Key Skills: Numpy, SQL, Pandas, Python, Data Engineer, AWS, Airflow
Roles and Responsibilities:
- Design and implement end-to-end data pipelines using Python and Airflow, ensuring efficient scheduling, orchestration, and dependency management for complex workflows.
- Develop high-performance SQL queries for data extraction, transformation, and reporting, focusing on query optimization and scalability across large datasets.
- Automate and modularize ETL processes leveraging Python scripting and reusable Airflow DAG components, adhering to best practices in software engineering and data governance.
- Work with AWS cloud services (S3, Glue, Redshift, Aurora RDS, CloudWatch) to enable scalable, secure, and cloud-native data processing and storage solutions.
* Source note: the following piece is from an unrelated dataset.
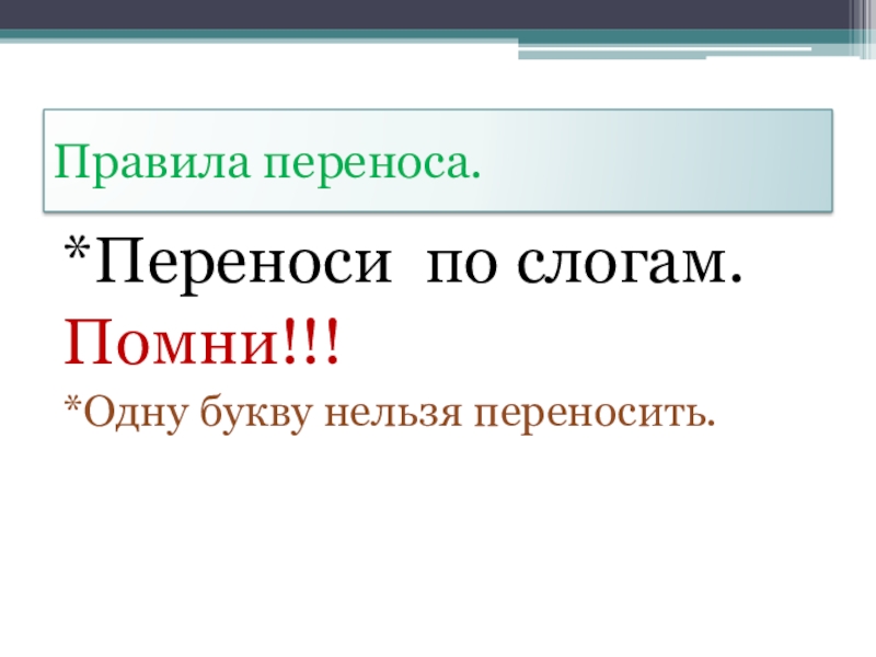 Правила переноса.*Переноси по слогам.Помни!!!*Одну букву нельзя переносить.

- Integrate and transform data from multiple sources such as Alteryx, PostgreSQL, Oracle, and PL/SQL into unified data models to support analytics and reporting needs.
- Oversee the work of junior data engineers and mentor them.
- Identify, design, and implement internal process improvements: automating manual processes, optimizing data delivery, and redesigning infrastructure for greater scalability.
- Build analytics tools that utilize the data pipeline to provide actionable insights into customer acquisition, operational efficiency, and other key business performance metrics.
- Collaborate with stakeholders including Product, Business Analysts, Data Science, and Design teams to assist with data-related technical issues and support their data infrastructure needs.
- Ensure data security and compliance across national boundaries through multiple data centers and AWS regions.
Skills Required:
- Numpy
- Pandas
- Python
- SQL
- Data Engineering
- Good to have - AWS (S3, Glue, Redshift, Aurora RDS, CloudWatch)
- Good to have - Airflow (DAG creation, orchestration, workflow management)
- Databricks (AWS environment)
- ETL Development & Automation
- Query Optimization & Performance Tuning
- Data Pipeline Design & Monitoring
- Data Integration (Alteryx, PostgreSQL, Oracle, PL/SQL)
- Data Security & Compliance Management
- Cloud-Native Data Processing Solutions
- Process Improvement & Automation Skills
- Analytics Tool Development
- Stakeholder Collaboration (Product, BA, Data Science, Design teams)
- Mentoring & Leadership of Junior Engineers
Education: Bachelor's degree in any STEM-based field